Investigations into Goldman Sachs Assets Management (GSAM) and Deutsche Bank for their claims led to speculations that fund managers were relabeling their products to cash in on the trend without doing any heavy lifting, leading to what many call the ESG backlash.
Investors are finding new ways to verify the authenticity of stocks labeled “ESG.” Using the AlphaPro platform, we delved deeper into how ESG trends have shifted with investors and companies to fulfill this growing demand for transparency.
The Forces That Are Changing ESG Investing
The intentions behind ESG investing are altruistic: to influence the mainstream finance industry into funneling private capital to address global challenges. However, leading private equity firms have recently been accused of manipulating investors through various misleading schemes to cash in on the trend. Potentially the ignitor of the ESG backlash era, the SEC’s formal charge of GSAM revealed how brokers are exactly accomplishing this:
“The order finds that GSAM’s policies and procedures required its personnel to complete a questionnaire for every company it planned to include in each product’s investment portfolio before the selection; however, personnel completed many of the ESG questionnaires after securities were already selected for inclusion and relied on previous ESG research, which was often conducted differently than what was required in its policies and procedures. GSAM shared information about its policies and procedures, which it failed to follow consistently, with third parties, including intermediaries and the fund’s board of trustees.”
—Press Release
Without admitting or denying the SEC’s findings, GSAM agreed to a cease-and-desist order, a censure, and a $4 million penalty.
Greenwashing is a buzzword widely used to describe incidents in which organizations use misleading or inconsistent information to present themselves as more environmentally responsible than they are.
German police searched Deutsche Bank’s headquarters in May after a consumer association sued the bank for allegedly greenwashing investment funds in its DWS subsidiary and, more specifically, for deceptive practices in advertising a fund’s environmental rating. Prosecutors cited “sufficient factual evidence” to dismiss CEO Asoka Woehrmann.
These investigations of major financial institutions have increased the demand for vetting processes in companies ascribing ESG to their policies. Even as the engagement of the SEC and ISSB brings more authoritative figures, the investors remain responsible for determining whether a company or an ESG fund is truthful in its intentions.
With no official system to verify an organization’s commitment to its ESG policies, many shareholders and investors are taking matters into their own hands by fact-checking.
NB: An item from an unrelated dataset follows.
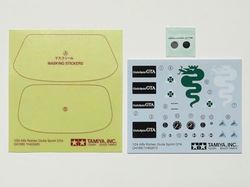 The Tamiya 1/24 Sports Car Series No. 188 Alfa Romeo Giulia Sprint GTA model kit accurately reproduces the distinctive "Dantsuki" bonnet design. The opening hood reveals the detailed 133-horsepower, four-cylinder DOHC engine, meticulously modeled for realistic representation. The kit includes chrome parts for the bumpers, with an option to display a custom look by removing them. Window mold masks, mirrors, and emblems are also included for added detail.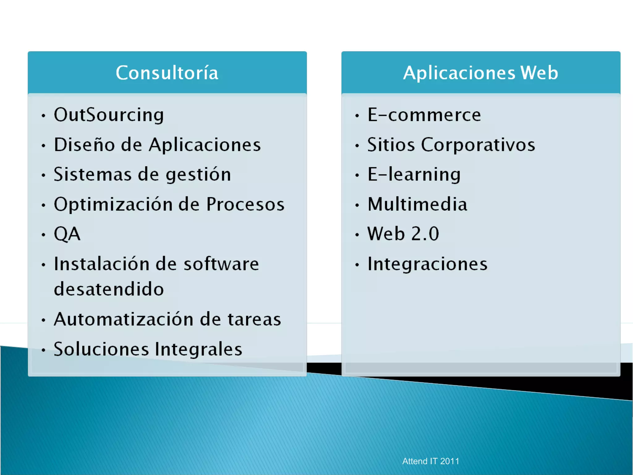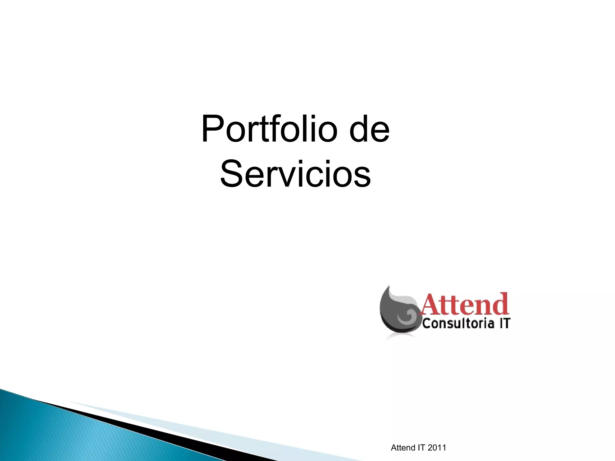 Este documento presenta los servicios de consultoría en tecnologías de la información de Attend IT, incluyendo outsourcing, desarrollo y mantenimiento de software, infraestructura, diseño de aplicaciones, sistemas de gestión, project management, calidad de software, e-commerce, sitios web corporativos, e-learning, multimedia, web 2.0, sistemas de gestión de contenido y automatización de tareas. La empresa ofrece soluciones utilizando metodologías probadas y recursos altamente capacitados.

From reviewing how a company is rated publicly as “ESG-friendly” to the supply chains used and even the processes regulators utilize, there is a many-faceted aspect of an organization that investors are now analyzing to strengthen their responsible investing criteria. Using AlphaPro, we dove deep into what stakeholders and investors look for in a company’s ESG claim and, more importantly, what they miss.
Important ESG Developments & Trends
Cutting Supply Chain Emissions and Reporting Them
It is an understatement to mention the criticality of supply chains in ESG since they encompass over 90% of a company’s carbon footprint. Most of these emissions originate from sourcing; therefore, spending management becomes a pertinent concern when organizations prioritize supply chain sustainability. Thus, while ensuring strategic sourcing of more- or lower-emission footprints of partners or products, reporting and publishing, among other important requirements for upholding transparency with the stakeholders, matter more. And this may be achieved with the unstoppable embrace of digital transformation, intelligent spending, and business network technologies by more and more businesses.
The right technology, deployed in place, can help companies gain better visibility across their supply chains and partner collaboration, thus better helping them assess and evaluate the business’s progress toward its ESG goals. For instance, network-enabled insights monitor carbon-tracking data, influence trading partners, and enhance business operations and strategic decision-making. Leadership can also monitor and tap circular opportunities in product lifecycle design.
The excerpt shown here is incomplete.